→ Exercise
Take the line containing "16. Measure the" and every line after it to the end of the records, and copy them exactly, excluding pictures.

---

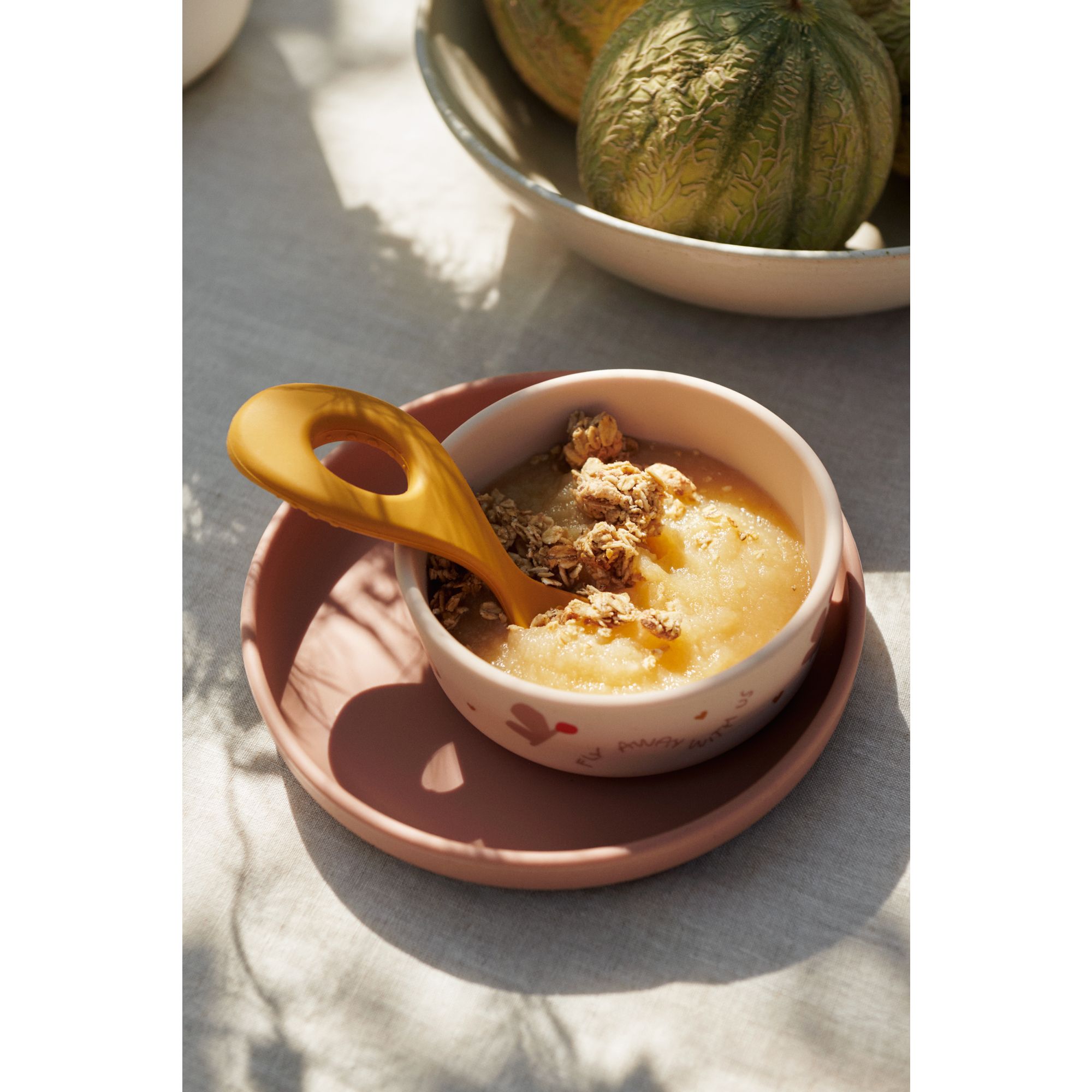 Conçu pour faciliter les repas des tout-petits, le coffret Vivi de la marque Liewood rassemble assiette, bol, tasse et cuillère adaptés aux petites mains et aux premières découvertes gustatives. Fabriqué en silicone 100% durable et doté de bords doux, il résiste aux chocs et offre un toucher agréable pour que bébé apprenne à manger seul en toute sécurité. La cuillère avec intérieur en nylon rigide assure une prise confortable pour les mains et la bouche de votre enfant. Léger, ergonomique et facile à nettoyer, ce coffret devient vite un indispensable du quotidien, à la maison comme en déplacement.
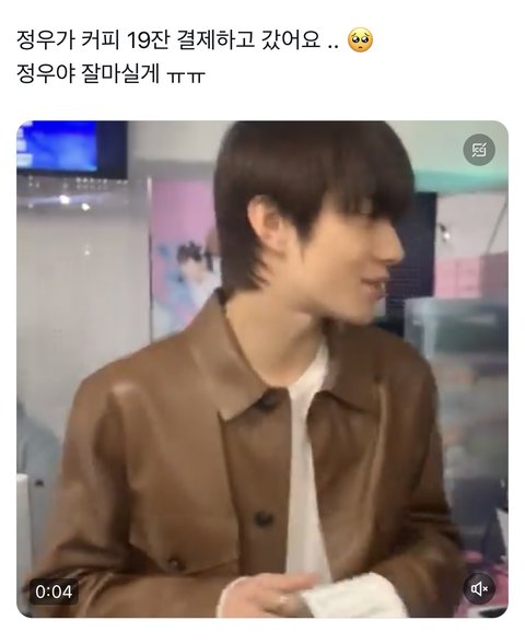 나 원래 연예인들 착해보이는 거 다 안믿고 만들어진 이미지라 생각하고 사는데 정우는 진짜 찐이라는 생각이 든다……예전부터 순하고 착한 성격인 것 같다는 느낌은 받았는데 오늘 자기 생일카페 실시간으로 돌아다니면서 팬들 마실 음료 미리 선결제 하고 가고있대…
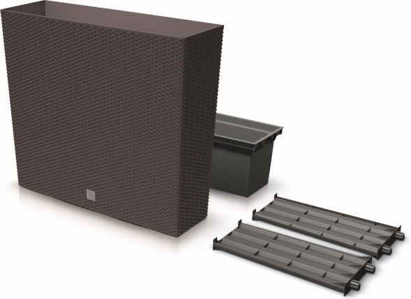 Elegant høj altankasse med indsats Rato Case i længden 58 cm i antracit, ideel til både indendørs og udendørs brug. Den kombinerer en naturtro imitation af rattan-flet med en holdbar plastkonstruktion, som tåler UV-stråling, vejrpåvirkninger og frost. Inkluderer en sort indsats for nem plantning, som gør vedligeholdelsen lettere og fremmer sund plantevækst.
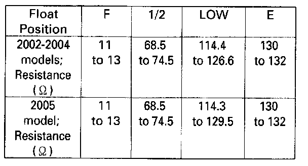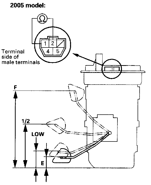 16. Measure the resistance between the No.1 and No.2 terminals with the float at E (EMPTY), 1/2 (HALF FULL), and F (FULL) positions. If you do not get the above readings, replace the fuel gauge sending unit.
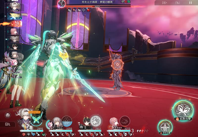 このボス戦は、【ヴェルト、なのか、姫子、丹恒】の固定パーティーによるイベント戦で、必ず勝てる仕様なので何も考えずに戦って大丈夫です。
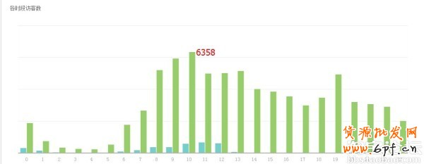 確定了參加活動,接下來便是選定活動款了。為了保證能很好的配合【每日幣搶】活動,我特意選擇店鋪當前一款爆款去參加(PS:這款也就是之前參加過兩次淘金幣活動的款式,每次的淘金幣活動銷量都在2500以上),選擇爆款,主要是出于保證500件產品能在活動當天被搶購一空,爆款轉化率相對較穩定,歷史累計銷量高,且有歷史評價,這幾點可以保證活動的順利程度。下面曬一張活動當天各時段的流量情況(綠色柱子是活動當天,其中紅色數字標記為當天10點開搶的時段流量):
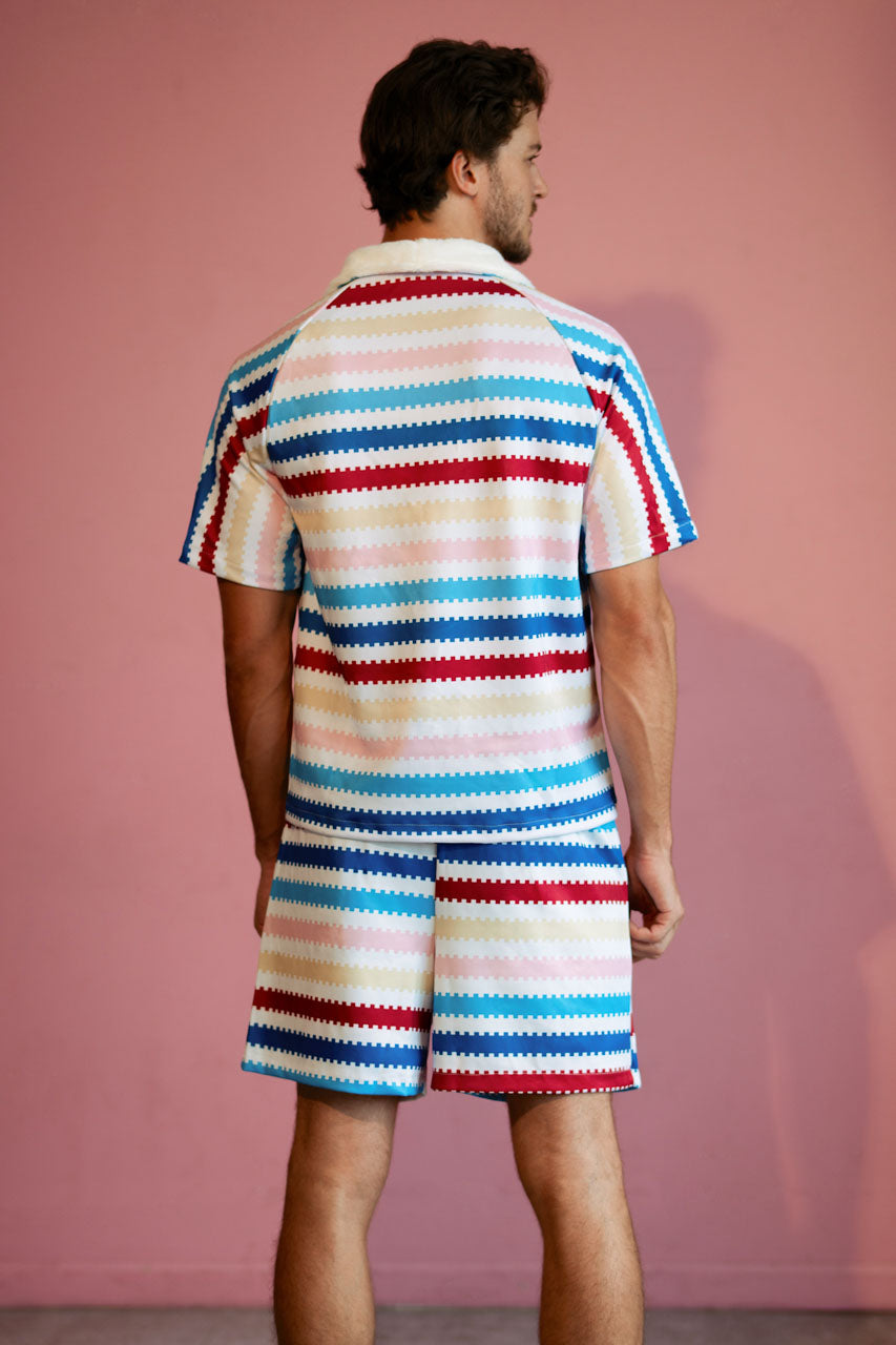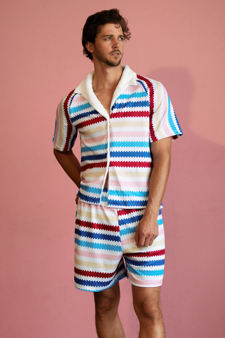 La chemise rayée multicolore intègre une patte de boutonnage centrale facilitant l’habillage. Son col classique se marie avec une bordure en fausse fourrure qui renforce l’esprit « doll » tout en restant confortable. Le tissu, sélectionné chez un fournisseur professionnel, combine souplesse et haute résistance.

---

→ Answer section
 16. Measure the resistance between the No.1 and No.2 terminals with the float at E (EMPTY), 1/2 (HALF FULL), and F (FULL) positions. If you do not get the above readings, replace the fuel gauge sending unit.
 このボス戦は、【ヴェルト、なのか、姫子、丹恒】の固定パーティーによるイベント戦で、必ず勝てる仕様なので何も考えずに戦って大丈夫です。
 確定了參加活動,接下來便是選定活動款了。為了保證能很好的配合【每日幣搶】活動,我特意選擇店鋪當前一款爆款去參加(PS:這款也就是之前參加過兩次淘金幣活動的款式,每次的淘金幣活動銷量都在2500以上),選擇爆款,主要是出于保證500件產品能在活動當天被搶購一空,爆款轉化率相對較穩定,歷史累計銷量高,且有歷史評價,這幾點可以保證活動的順利程度。下面曬一張活動當天各時段的流量情況(綠色柱子是活動當天,其中紅色數字標記為當天10點開搶的時段流量):
 La chemise rayée multicolore intègre une patte de boutonnage centrale facilitant l’habillage. Son col classique se marie avec une bordure en fausse fourrure qui renforce l’esprit « doll » tout en restant confortable. Le tissu, sélectionné chez un fournisseur professionnel, combine souplesse et haute résistance.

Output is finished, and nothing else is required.